→ **Data provided**
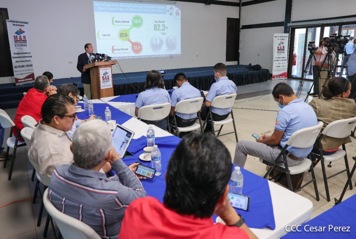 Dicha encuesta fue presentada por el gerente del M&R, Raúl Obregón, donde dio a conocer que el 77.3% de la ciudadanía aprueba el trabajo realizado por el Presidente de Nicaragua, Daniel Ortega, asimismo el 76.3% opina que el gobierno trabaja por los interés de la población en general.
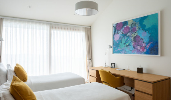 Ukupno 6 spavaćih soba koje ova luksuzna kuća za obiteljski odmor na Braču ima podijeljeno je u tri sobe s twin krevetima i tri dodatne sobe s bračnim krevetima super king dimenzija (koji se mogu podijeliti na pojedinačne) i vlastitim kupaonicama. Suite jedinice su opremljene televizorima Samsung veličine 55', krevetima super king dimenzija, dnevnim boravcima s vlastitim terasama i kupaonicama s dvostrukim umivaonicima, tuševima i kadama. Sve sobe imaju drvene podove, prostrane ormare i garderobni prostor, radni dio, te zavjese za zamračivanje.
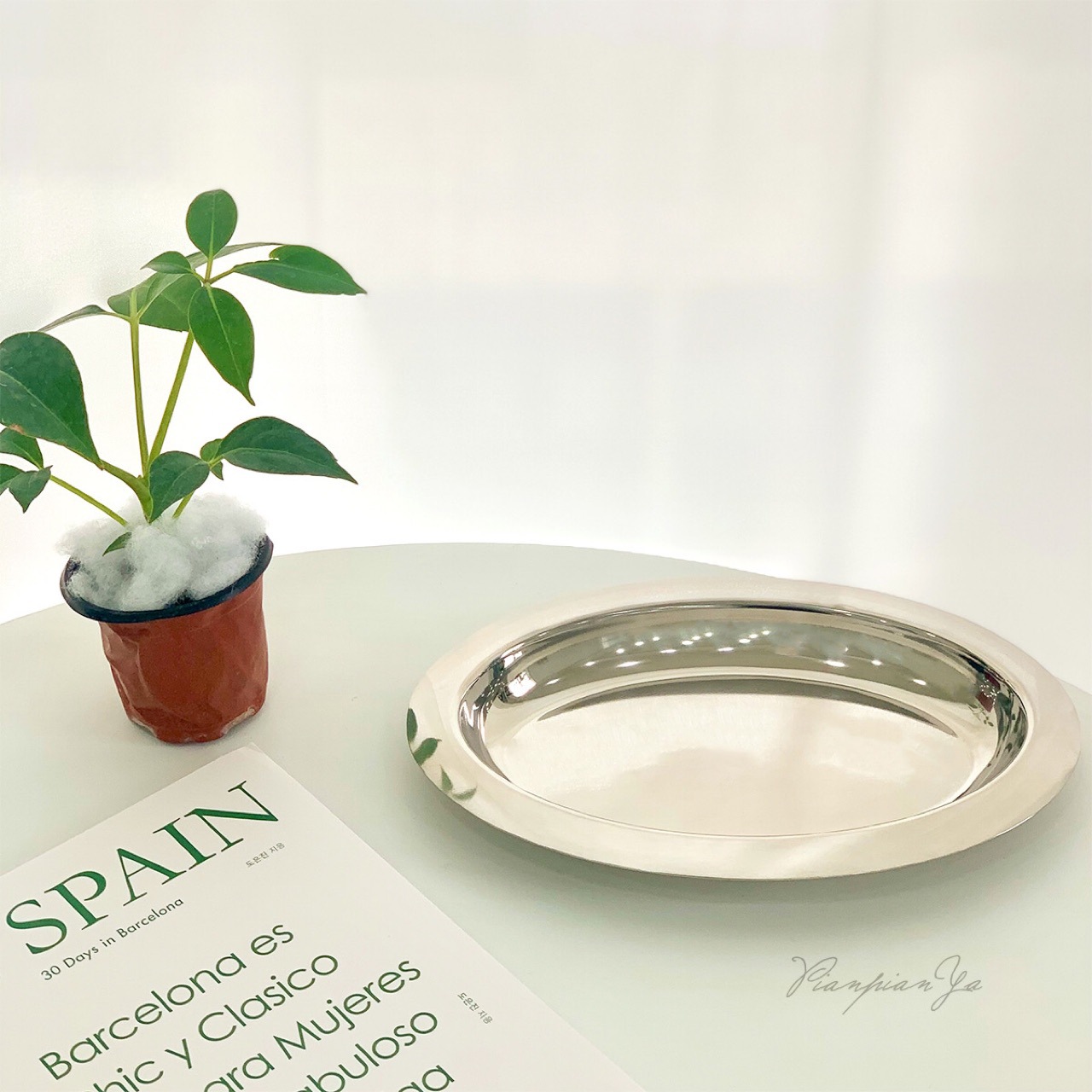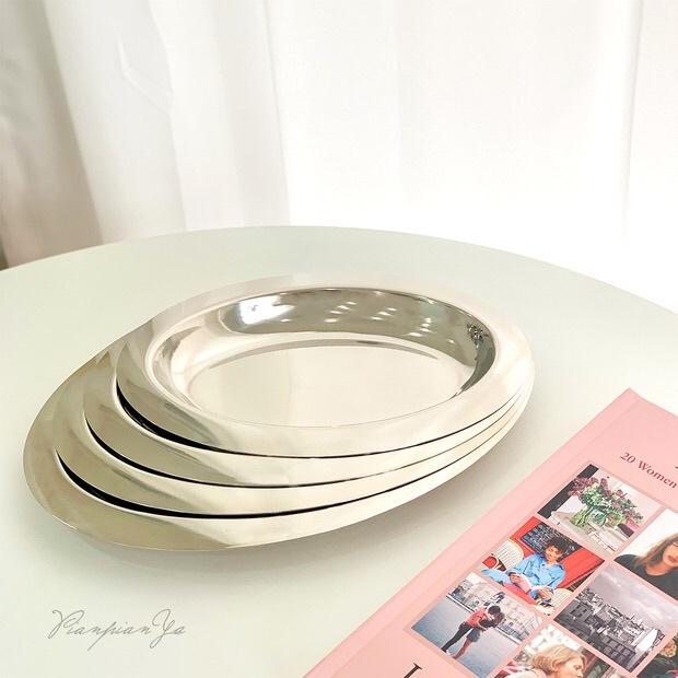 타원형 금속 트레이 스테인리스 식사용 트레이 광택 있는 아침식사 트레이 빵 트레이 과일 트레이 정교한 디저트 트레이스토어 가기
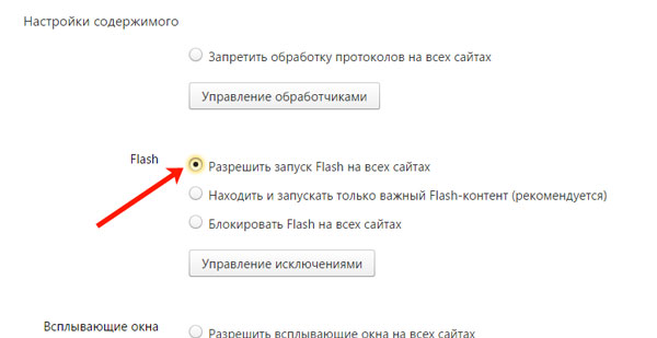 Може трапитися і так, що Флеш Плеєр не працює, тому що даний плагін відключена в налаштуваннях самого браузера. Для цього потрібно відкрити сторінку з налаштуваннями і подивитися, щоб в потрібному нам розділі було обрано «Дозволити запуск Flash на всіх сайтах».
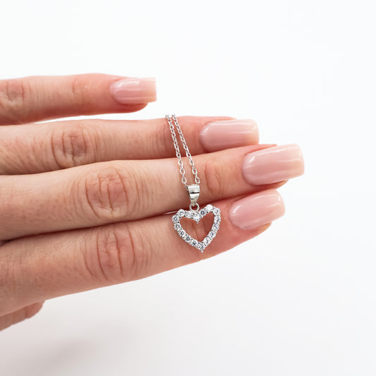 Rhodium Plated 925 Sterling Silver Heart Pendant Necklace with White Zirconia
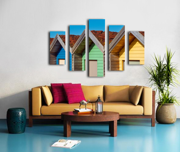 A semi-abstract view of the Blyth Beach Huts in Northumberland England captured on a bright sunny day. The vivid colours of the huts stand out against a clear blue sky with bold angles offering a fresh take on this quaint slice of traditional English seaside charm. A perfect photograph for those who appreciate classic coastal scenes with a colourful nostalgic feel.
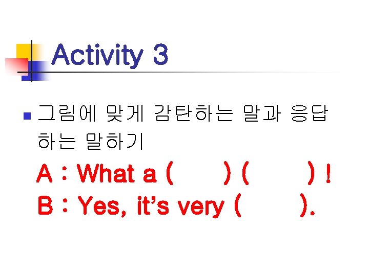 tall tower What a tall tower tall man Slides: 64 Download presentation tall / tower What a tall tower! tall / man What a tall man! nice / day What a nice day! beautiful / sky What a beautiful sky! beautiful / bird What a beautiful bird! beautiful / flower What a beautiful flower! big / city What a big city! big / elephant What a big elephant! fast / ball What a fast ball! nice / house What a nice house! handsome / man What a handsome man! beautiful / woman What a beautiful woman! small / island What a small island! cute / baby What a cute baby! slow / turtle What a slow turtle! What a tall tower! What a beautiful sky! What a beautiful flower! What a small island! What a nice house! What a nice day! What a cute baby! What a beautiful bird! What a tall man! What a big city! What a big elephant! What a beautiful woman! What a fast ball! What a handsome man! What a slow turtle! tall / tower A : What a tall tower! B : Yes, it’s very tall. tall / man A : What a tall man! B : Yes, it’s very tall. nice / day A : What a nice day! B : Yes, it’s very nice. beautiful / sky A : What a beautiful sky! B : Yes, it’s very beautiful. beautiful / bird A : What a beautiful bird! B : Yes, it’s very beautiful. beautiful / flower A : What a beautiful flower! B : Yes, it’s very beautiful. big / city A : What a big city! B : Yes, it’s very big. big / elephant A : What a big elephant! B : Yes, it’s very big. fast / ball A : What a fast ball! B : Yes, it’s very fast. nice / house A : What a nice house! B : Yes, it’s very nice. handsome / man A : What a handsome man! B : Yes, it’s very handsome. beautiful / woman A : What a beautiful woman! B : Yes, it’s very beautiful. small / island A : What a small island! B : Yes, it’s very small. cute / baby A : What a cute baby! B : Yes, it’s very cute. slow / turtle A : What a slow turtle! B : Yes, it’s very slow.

→ **What the task requires**
All of the listing above must be output exactly, except for its pictures.

→ **Solution below**
 Dicha encuesta fue presentada por el gerente del M&R, Raúl Obregón, donde dio a conocer que el 77.3% de la ciudadanía aprueba el trabajo realizado por el Presidente de Nicaragua, Daniel Ortega, asimismo el 76.3% opina que el gobierno trabaja por los interés de la población en general.
 Ukupno 6 spavaćih soba koje ova luksuzna kuća za obiteljski odmor na Braču ima podijeljeno je u tri sobe s twin krevetima i tri dodatne sobe s bračnim krevetima super king dimenzija (koji se mogu podijeliti na pojedinačne) i vlastitim kupaonicama. Suite jedinice su opremljene televizorima Samsung veličine 55', krevetima super king dimenzija, dnevnim boravcima s vlastitim terasama i kupaonicama s dvostrukim umivaonicima, tuševima i kadama. Sve sobe imaju drvene podove, prostrane ormare i garderobni prostor, radni dio, te zavjese za zamračivanje.
 타원형 금속 트레이 스테인리스 식사용 트레이 광택 있는 아침식사 트레이 빵 트레이 과일 트레이 정교한 디저트 트레이스토어 가기
 Може трапитися і так, що Флеш Плеєр не працює, тому що даний плагін відключена в налаштуваннях самого браузера. Для цього потрібно відкрити сторінку з налаштуваннями і подивитися, щоб в потрібному нам розділі було обрано «Дозволити запуск Flash на всіх сайтах».
 Rhodium Plated 925 Sterling Silver Heart Pendant Necklace with White Zirconia
 A semi-abstract view of the Blyth Beach Huts in Northumberland England captured on a bright sunny day. The vivid colours of the huts stand out against a clear blue sky with bold angles offering a fresh take on this quaint slice of traditional English seaside charm. A perfect photograph for those who appreciate classic coastal scenes with a colourful nostalgic feel.
 tall tower What a tall tower tall man Slides: 64 Download presentation tall / tower What a tall tower! tall / man What a tall man! nice / day What a nice day! beautiful / sky What a beautiful sky! beautiful / bird What a beautiful bird! beautiful / flower What a beautiful flower! big / city What a big city! big / elephant What a big elephant! fast / ball What a fast ball! nice / house What a nice house! handsome / man What a handsome man! beautiful / woman What a beautiful woman! small / island What a small island! cute / baby What a cute baby! slow / turtle What a slow turtle! What a tall tower! What a beautiful sky! What a beautiful flower! What a small island! What a nice house! What a nice day! What a cute baby! What a beautiful bird! What a tall man! What a big city! What a big elephant! What a beautiful woman! What a fast ball! What a handsome man! What a slow turtle! tall / tower A : What a tall tower! B : Yes, it’s very tall. tall / man A : What a tall man! B : Yes, it’s very tall. nice / day A : What a nice day! B : Yes, it’s very nice. beautiful / sky A : What a beautiful sky! B : Yes, it’s very beautiful. beautiful / bird A : What a beautiful bird! B : Yes, it’s very beautiful. beautiful / flower A : What a beautiful flower! B : Yes, it’s very beautiful. big / city A : What a big city! B : Yes, it’s very big. big / elephant A : What a big elephant! B : Yes, it’s very big. fast / ball A : What a fast ball! B : Yes, it’s very fast. nice / house A : What a nice house! B : Yes, it’s very nice. handsome / man A : What a handsome man! B : Yes, it’s very handsome. beautiful / woman A : What a beautiful woman! B : Yes, it’s very beautiful. small / island A : What a small island! B : Yes, it’s very small. cute / baby A : What a cute baby! B : Yes, it’s very cute. slow / turtle A : What a slow turtle! B : Yes, it’s very slow.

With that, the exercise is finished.